The Library of Birmingham, designed by Dutch architects Mecanoo, is a striking new addition to the skyline of Birmingham. The new library is expected to attract more than three million visitors a year, with many more visiting online, and will hold a four month discovery season of events, displays and activities to mark its opening.
Designed by Dutch architects Mecanoo, the Library has transformed the city’s library services and become a major cultural destination, housing Birmingham’s world-class collections of archives, photography and rare books as well as a million printed volumes, the largest number held by any public library in the UK. Of these, over 400,000 books will be available on the Library’s public floors. With outstanding resources and access to expert help, the Library is a centre of excellence for literacy, research, study, skills development, health information, creative expression and entrepreneurship.
At 31,000 sq. metres it is around 20 per cent larger than the old Central Library building and is the largest public library in Europe.
The building also contains the Shakespeare Memorial Room, home to a collection of 43,000 books, including copies of the Bard’s First, Second, Third and Fourth Folio editions.
The largely transparent and light-filled library’s façade is laced with delicate metal filigree, composed of interlocking circles that reference Birmingham’s industrial and artisanal past. Floor-to-ceiling windows on public floors allow daylight to pass through these and cast patterned shadows on the porcelain tiled floors.

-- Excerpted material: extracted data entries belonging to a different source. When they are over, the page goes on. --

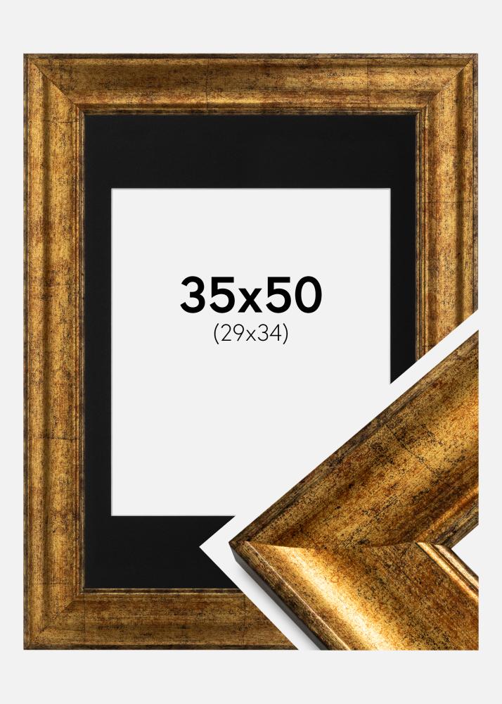 Rahmen Saltsjöbaden Gold 35x50 cm - Passepartout Schwarz 30x35 cm
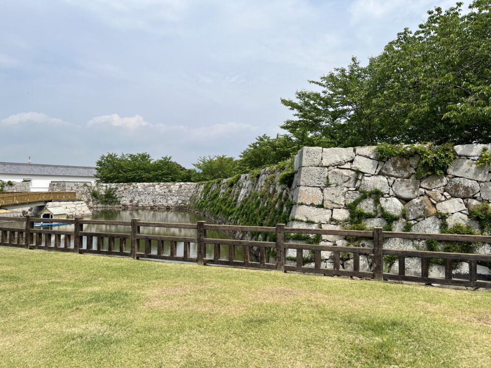外堀沿いを歩くと、水面に映る石垣が美しく、城郭の雰囲気を満喫できます。
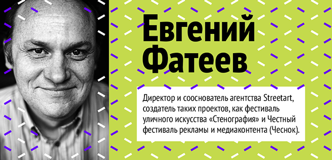 Директор и сооснователь агентства Streetart, создатель таких проектов, как фестиваль уличного искусства «Стенография» и Честный фестиваль рекламы и медиаконтента (Чеснок).

The Book Rotunda at the heart of the library is ringed by four levels of cantilevered circular balconies spread over three floors each providing access to a different part of the book shelves in the rotunda. Escalators zigzag across the space, providing stunning views throughout the Library. Daylight comes from the rooftop three floors above through a dramatic space that passes through the two “golden box” archive storage floors.
Specialist archive storage occupies a distinct golden box over two levels of the building and contain the city’s internationally-important archives. A series of interlocking rotundas draw visitors into the library and provide ventilation and natural light throughout. These circular voids provide enticing sight lines drawing visitors up through the building to the top.
Two public garden terraces, on the third and seventh floors, provide tranquil green space high above the busy streets in the heart of the city centre, a location for visitors to unwind, socialise, and learn. Planted with a variety of plants including fruit, vegetables and herbs, they will provide an opportunity for local people to learn about where food comes from and about healthy eating, and also aim to inspire people in the community to get involved with the library through gardening. The terraces, along with a “brown roof” covered in rubble from construction, will also bring environmental benefits through offsetting carbon emissions and attracting wildlife and local ecology.